Mercer Island student hit in notorious crosswalk

It’s hard to be anonymous in a small town, and that’s a good thing sometimes. When Mercer Island High School freshman Alec Langston was hit by a car on his way home from school last week, there were many people there to help.

It’s hard to be anonymous in a small town, and that’s a good thing sometimes.

When Mercer Island High School freshman Alec Langston was hit by a car on his way home from school last week, there were many people there to help.

Just as Langston rolled from the hood of the Mercedes that struck him in the crosswalk in the 4200 block of Island Crest Way, Carolyn Wootten, a longtime family friend and coincidentally Langston’s emergency contact at school, was just four or five cars back.

“I saw the traffic was slowing and assumed the cars were waiting for someone to cross,” she said. “And all of a sudden he was rolling on the ground.”

Wootten put her car in park, flipped on the hazard lights and ran to Langston and began assessing the situation by asking where he hurt.

Langston was struck just after 3 p.m. Tuesday while in a crosswalk in the 4200 block of Island Crest Way, according to Cmdr. Leslie Burns of the Mercer Island Police Department.

The driver, 72-year-old Charles Hansing of Mercer Island, did not stop for the teen as he rode his bike across Island Crest Way, according to the police report. Hansing was in the outside lane of Island Crest, heading north when the collision occurred. Cars in the three other lanes had already stopped.

The driver just didn’t see him,” Burns said.

Hansing was cited for the accident.

The impact threw the teen into the car’s windshield, which was caved-in and “cracked everywhere” and send both shoes flying from his feet,Wootten said.

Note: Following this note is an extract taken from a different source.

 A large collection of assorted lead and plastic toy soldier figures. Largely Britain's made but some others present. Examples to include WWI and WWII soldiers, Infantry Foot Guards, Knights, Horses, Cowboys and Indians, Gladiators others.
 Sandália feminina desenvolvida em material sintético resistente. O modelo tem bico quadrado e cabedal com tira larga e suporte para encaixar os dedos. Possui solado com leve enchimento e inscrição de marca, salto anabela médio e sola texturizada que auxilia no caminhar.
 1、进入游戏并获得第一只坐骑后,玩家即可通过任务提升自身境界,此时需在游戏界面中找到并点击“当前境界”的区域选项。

She dialed Alec’s mother and her good friend, Lori Langston, at home. No answer. She then tried her cell. No answer.

“I just sat with him until the paramedics got there and then I let them do their job,” she said.

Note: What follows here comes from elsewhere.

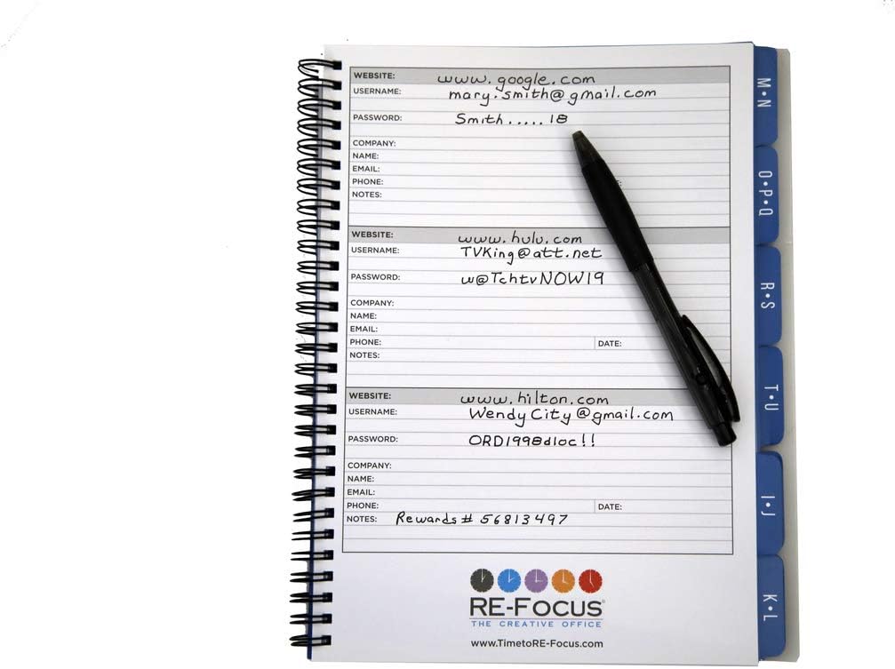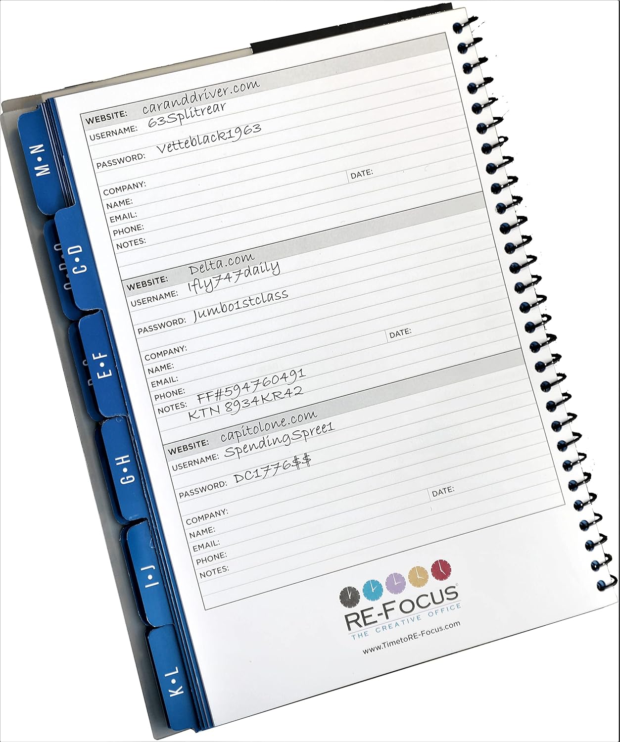 Password Book Keeper, Pink, Alphabetical Tabs, Spiral Bound, Removable Sheets, Journal Organizer Includes Website, Address, Username, Password - 10" x 7.5" by Re-Focus The Creative Office
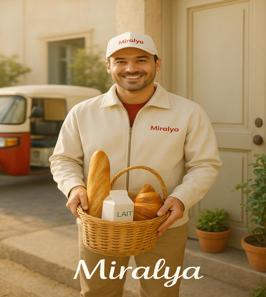 Miralya est heureuse, de vous livrer aussi votre lait, votre pain, votre croissant… au seuil de votre portes, et cela quotidiennement.

Islander Duffy Glazer tapped Wootten on the shoulder to reminder her that her car was still in the road. Luckily, Wootten said, their daughters had been on the basketball team together and Glazer offered to move the car and take her daughter home while Wootten stayed with Langston.

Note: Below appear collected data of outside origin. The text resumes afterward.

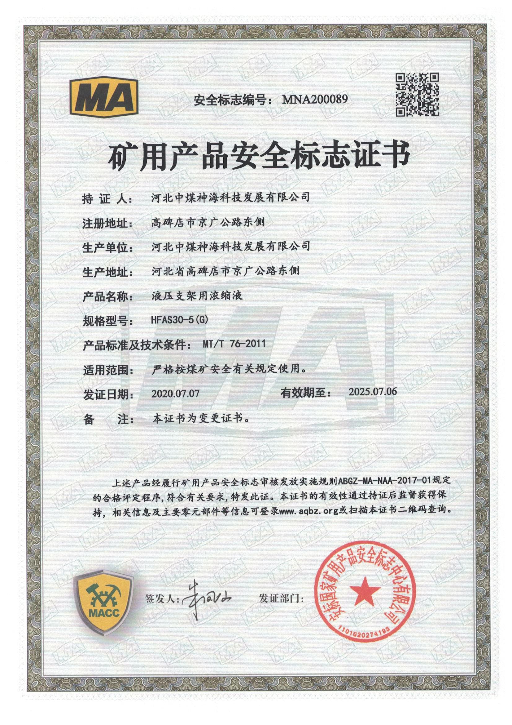 河北中煤神??萍及l(fā)展有限公司難燃液壓液產(chǎn)品上線
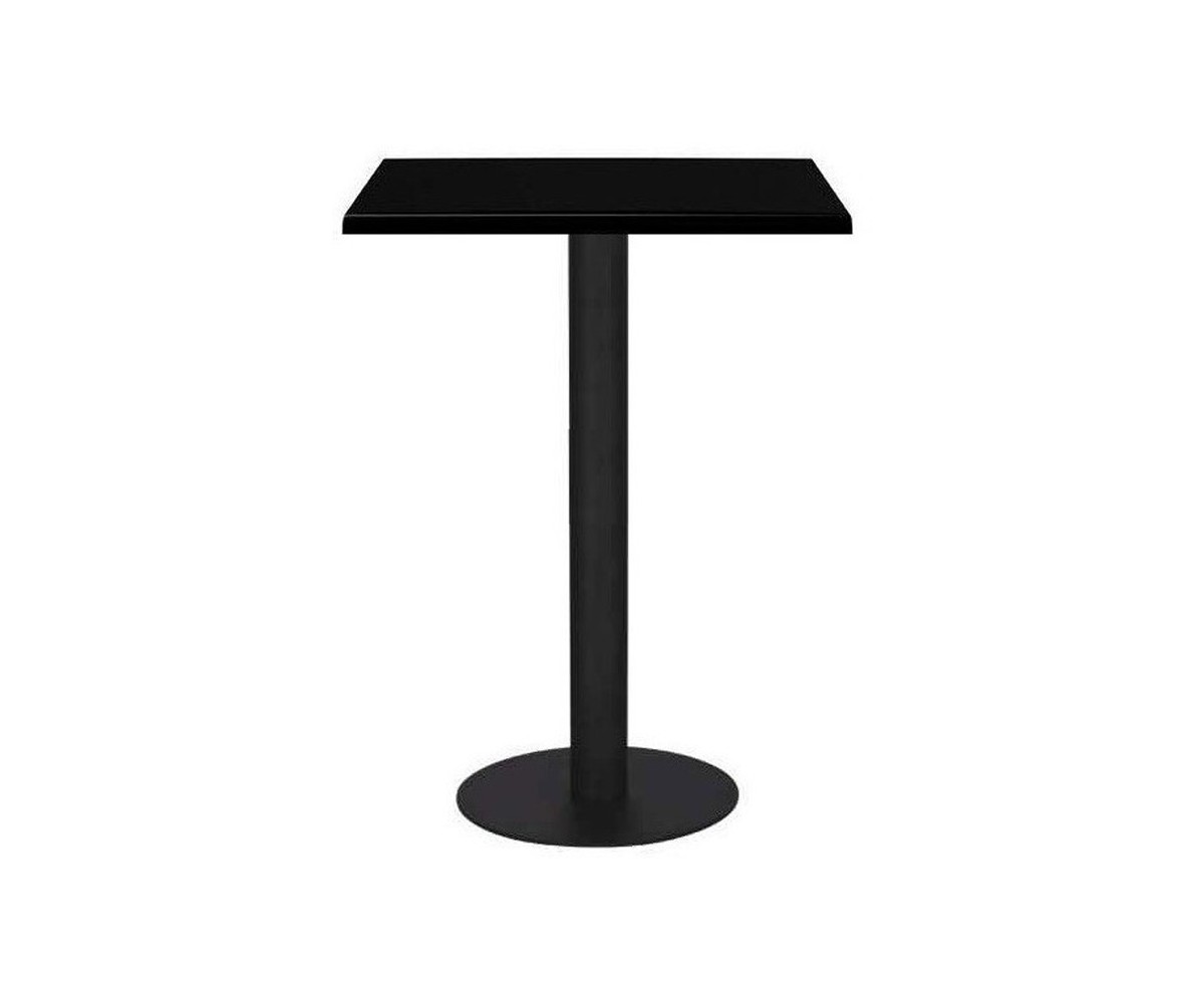 Mesa de bar, inspirada en un diseño de Norm Architects. Base en acero con triple lacado color negro satinado. Tapa werzalit en blanco, negro, wengué, haya, roble antiguo, ponderosa, marrón óxido y findus. El WERZALIT es un derivado de la madera, DIN ISO 9001, una garantía de alta calidad que no sufre alteraciones. Réplica exacta con materiales originales de máxima calidad.
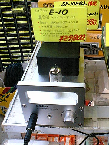 かわいらしいヘッドホンアンプが入荷。EdifierのE-10という製品で、ご覧の通り真空管が使われている。 |

“Gosh, it sure worked out so that I could help Alec, and they could help me,” Wootten said of Glazer and others at the scene who helped the after-accident chaos unwind a little more smoothly.

Langston’s younger sister eventually answered the phone at home, and then notified her mother, who was helping out at Islander Middle School. In the meantime Wootten stayed with Langston on the way to the hospital until his mother could arrive.

Langston, who was wearing a bicycle helmet, was taken to Overlake Hospital in Bellevue for minor injuries and returned to school Thursday.

Lori Langston said later that knowing her good friend was there made it a bit easier for her to negotiate the drive to the scene. “I am so thankful to everyone,” she said.

Tuesday’s incident wasn’t the first car-versus-pedestrian collision at the crosswalk near S.E. 42nd Street on Island Crest Way. In June 2005, a car struck Steve Ybarra as he used the same crosswalk as Langston. Ybarra sued the city for negligence to improve pedestrian safety in the area. He won $22,000, but the jury also found Ybarra partially to blame for the accident.

During the 2007 trial, City Engineer Patrick Yamashita testified the city had changed the crosswalk design from two parallel strips to “piano key” stripping, used reflective paint, installed reflectors on both sides and changed the color of nearby warning signs from yellow to fluorescent green to improve pedestrian safety prior to the 2005 accident.